__Data provided__
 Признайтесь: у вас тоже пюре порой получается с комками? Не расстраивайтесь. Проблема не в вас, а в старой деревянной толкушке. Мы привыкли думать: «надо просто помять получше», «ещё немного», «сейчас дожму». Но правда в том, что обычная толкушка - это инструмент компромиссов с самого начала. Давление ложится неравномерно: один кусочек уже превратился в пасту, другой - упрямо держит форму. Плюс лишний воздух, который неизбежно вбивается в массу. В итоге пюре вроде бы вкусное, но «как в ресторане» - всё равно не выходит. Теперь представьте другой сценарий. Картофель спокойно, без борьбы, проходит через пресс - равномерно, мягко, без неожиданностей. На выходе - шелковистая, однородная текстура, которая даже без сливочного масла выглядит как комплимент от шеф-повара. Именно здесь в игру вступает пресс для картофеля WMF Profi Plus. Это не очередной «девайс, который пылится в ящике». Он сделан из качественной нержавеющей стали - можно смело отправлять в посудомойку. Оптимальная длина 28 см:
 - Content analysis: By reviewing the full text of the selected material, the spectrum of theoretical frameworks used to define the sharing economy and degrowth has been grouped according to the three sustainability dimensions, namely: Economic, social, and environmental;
==
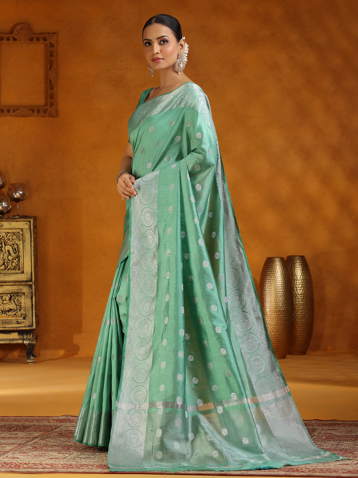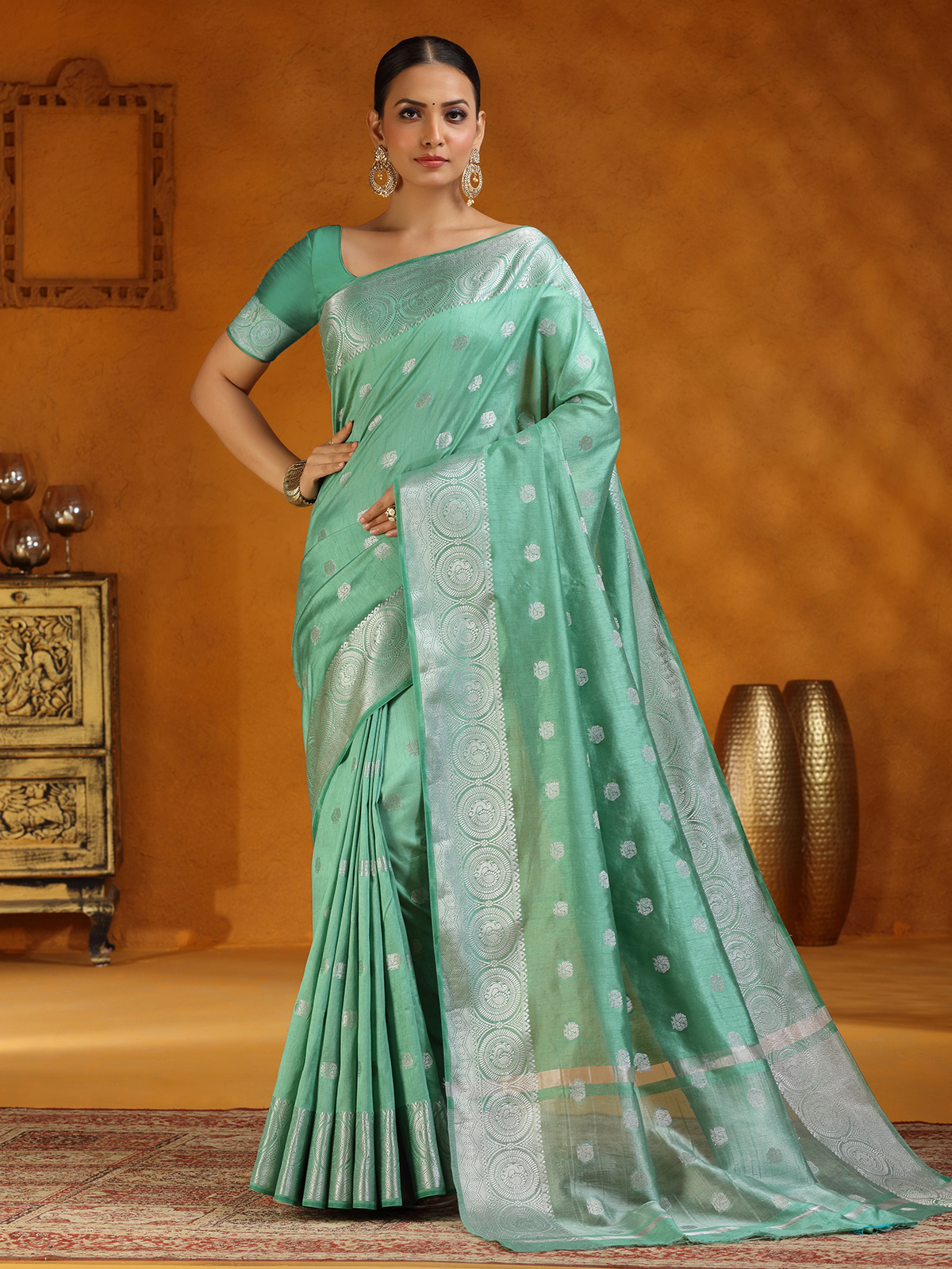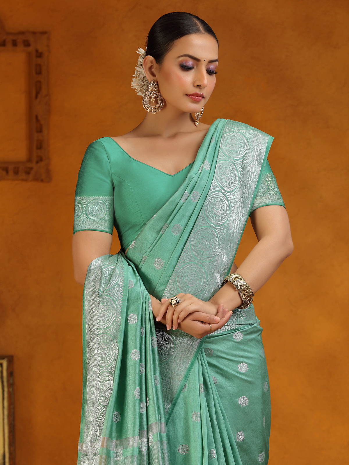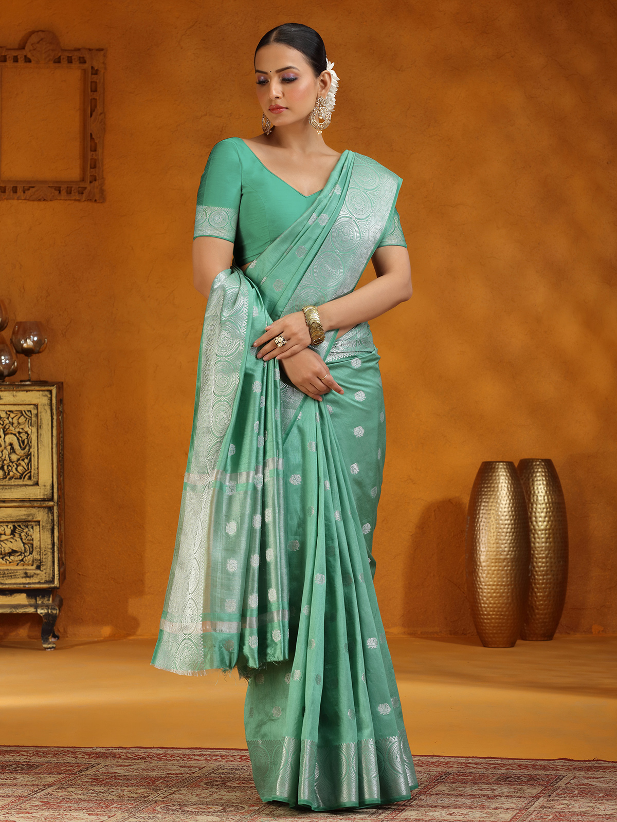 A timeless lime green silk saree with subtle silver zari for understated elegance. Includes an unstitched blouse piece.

__Required action__
The response should hold exactly the lines starting at the line with "Признайтесь: у вас" and ending at the line with "- Content analysis: By", and no other line of the material above.

__Expected answer__
 Признайтесь: у вас тоже пюре порой получается с комками? Не расстраивайтесь. Проблема не в вас, а в старой деревянной толкушке. Мы привыкли думать: «надо просто помять получше», «ещё немного», «сейчас дожму». Но правда в том, что обычная толкушка - это инструмент компромиссов с самого начала. Давление ложится неравномерно: один кусочек уже превратился в пасту, другой - упрямо держит форму. Плюс лишний воздух, который неизбежно вбивается в массу. В итоге пюре вроде бы вкусное, но «как в ресторане» - всё равно не выходит. Теперь представьте другой сценарий. Картофель спокойно, без борьбы, проходит через пресс - равномерно, мягко, без неожиданностей. На выходе - шелковистая, однородная текстура, которая даже без сливочного масла выглядит как комплимент от шеф-повара. Именно здесь в игру вступает пресс для картофеля WMF Profi Plus. Это не очередной «девайс, который пылится в ящике». Он сделан из качественной нержавеющей стали - можно смело отправлять в посудомойку. Оптимальная длина 28 см:
 - Content analysis: By reviewing the full text of the selected material, the spectrum of theoretical frameworks used to define the sharing economy and degrowth has been grouped according to the three sustainability dimensions, namely: Economic, social, and environmental;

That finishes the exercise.